Les conditions climatiques et les ressources naturelles n’auraient pas permis aux Mésopotamiens d’immigrer vers d’autres terres à la recherche de nouvelles ressources. Christophe Nicolle du CNRS conteste cette théorie, car la Mésopotamie de l’époque n’est pas aussi désertique qu’aujourd’hui. La croissance démographique aurait poussé à l’émergence des villes. L’essor démographique contraint les habitants à s’organiser dans les domaines social et politique. De plus, pour pérenniser l’accès à l’eau, les Sumériens construisent des canaux d’irrigation. De tels travaux sont impossibles sans une population mobilisée par une entité dirigeante. Cette nouvelle autorité doit gérer les stocks, constituer les réserves, comptabiliser et répartir les marchandises, anticiper les capacités. Heureusement que l’écriture est là pour aider à tout consigner. Pour faire accepter cet ordre social, l’autorité s’appuie sur les croyances religieuses. Le roi se pose en intermédiaire entre les humains et le divin. Il érige des temples et place la ville sous la tutelle d’une divinité protectrice. Ainsi, le dieu lune Manna protège Ur. L’espace urbain, ceint par une muraille, devient l’espace civilisé jouissant d’une protection divine.

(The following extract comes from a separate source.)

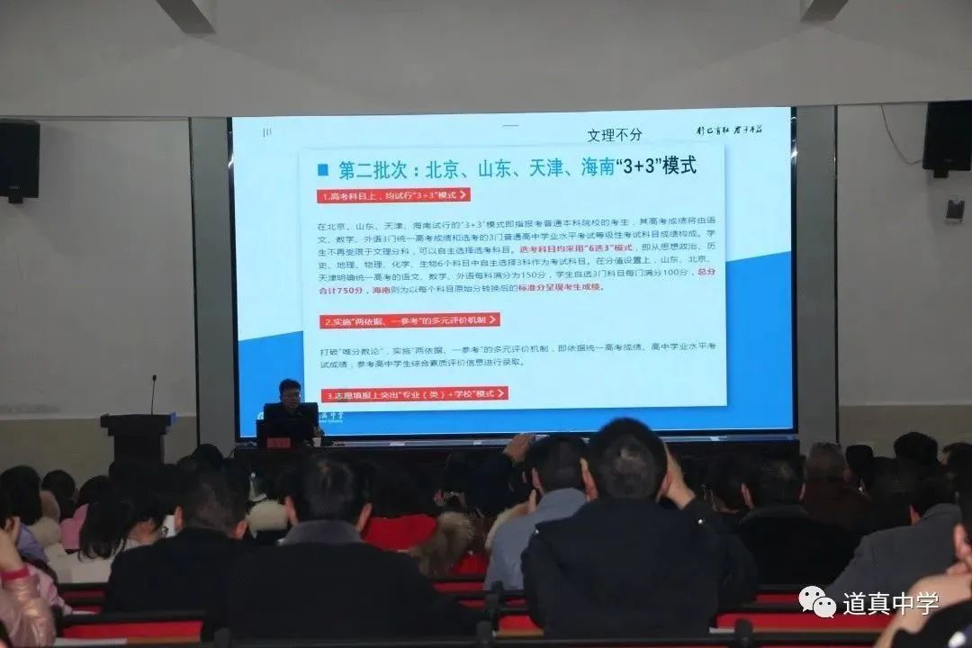下午4点,bw必威西汉姆联官网附属中学党委委员、党政服务中心主任、道真中学挂职副校长徐川为全校教师作了主题为“新高考,新征程,新挑战,新策略”的专题讲座。他就新高考实施后怎么学、如何考和录取方式等方面作了详细介绍。
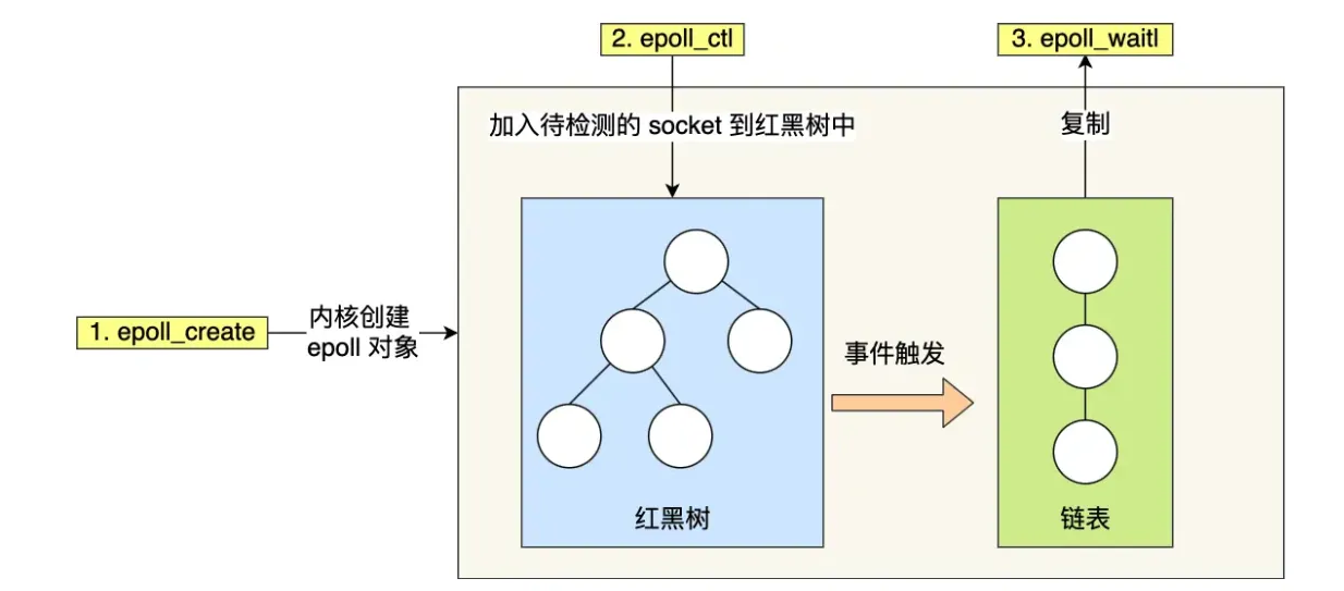 - 通过 **epoll_ctl **将待检测的socket,加入到红黑树中,并注册一个事件回调函数,当有事件到来的之后,会调用这个回调函数,进而通知到 epoll 对象。

L’urbanisation se diffuse du Proche-Orient en Grèce et en Afrique du Nord, puis à l’Europe par le bassin méditerranéen. Hiérakopolis est la première ville égyptienne. Située en Haute-Egypte, elle est fondée vers -3000 et constitue un carrefour commercial entre le désert (minerai), l’Afrique (ivoire, peaux) et le Levant (vins). Elle comprend un quartier religieux, une enceinte et des maisons de briques crues. La tablette du roi Narmer y a été retrouvée.
L’Europe non méditerranéenne, peuplée de Celtes, connait une urbanisation tardive. Les exploitations agricoles dominent le paysage, ce qui n’exclut pas l’existence de structures collectives. Il existe des regroupements agricoles ou artisanaux qui forment des bourgs. La véritable urbanisation des Celtes n’apparait qu’au –IIe siècle avec les oppida, ces agglomérations fortifiées regroupant toutes les catégories sociales.

Selon l’UNESCO, la plus ancienne ville d’Amérique est Caral au Pérou, fondée vers -3000. Néanmoins, cette décision est contestée par de nombreux archéologues qui voient dans Caral un grand complexe religieux, car il y a peu de résidences. Pour eux, la ville la plus ancienne est San Lorenzo au Mexique fondée en -1200 par les Olmèques, dont les ruines recèlent des habitations, des ateliers et des bâtiments religieux.
L’Afrique connait une urbanisation plus tardive. Les premiers regroupements de population importants datent du VIe siècle. Cependant, ces concentrations ne produisent pas de bâtiments publics, même si des spécialisations existent. Des villes, telles que Dia et Djenne au Mali prospèrent au Moyen Age avec le développement du commerce avec les Musulmans et l’Inde.

Certaines parties du globe ont échappé à l’urbanisation. L’Europe de l’Est, l’Asie centrale et l’Amérique du Nord sont peuplées de nomades. Ces peuples des steppes, qui pratiquent l’élevage et l’équitation ont opté pour une mobilité totale. De plus, la dimension guerrière du nomade constitue un modèle prestigieux aux yeux des autres civilisations. Etre un peuple nomade n’empêche pas l’existence de bourgs saisonniers comme celui de Kamansk en Ukraine.

Aujourd’hui, plus de 50% de la population mondiale est urbaine. Les villes ne cessent de s’agrandir en rognant sur des sites naturels ou des terres agricoles. Trente villes comptent plus de dix millions d’habitants. Les géographes les qualifient de mégapoles. 


Sources
Texte : Les Cahiers de Sciences et Vie : « Il y a 5500 ans : la naissance des villes ou l’invention de la civilisation », n°155, août 2015, pp 26 à 85.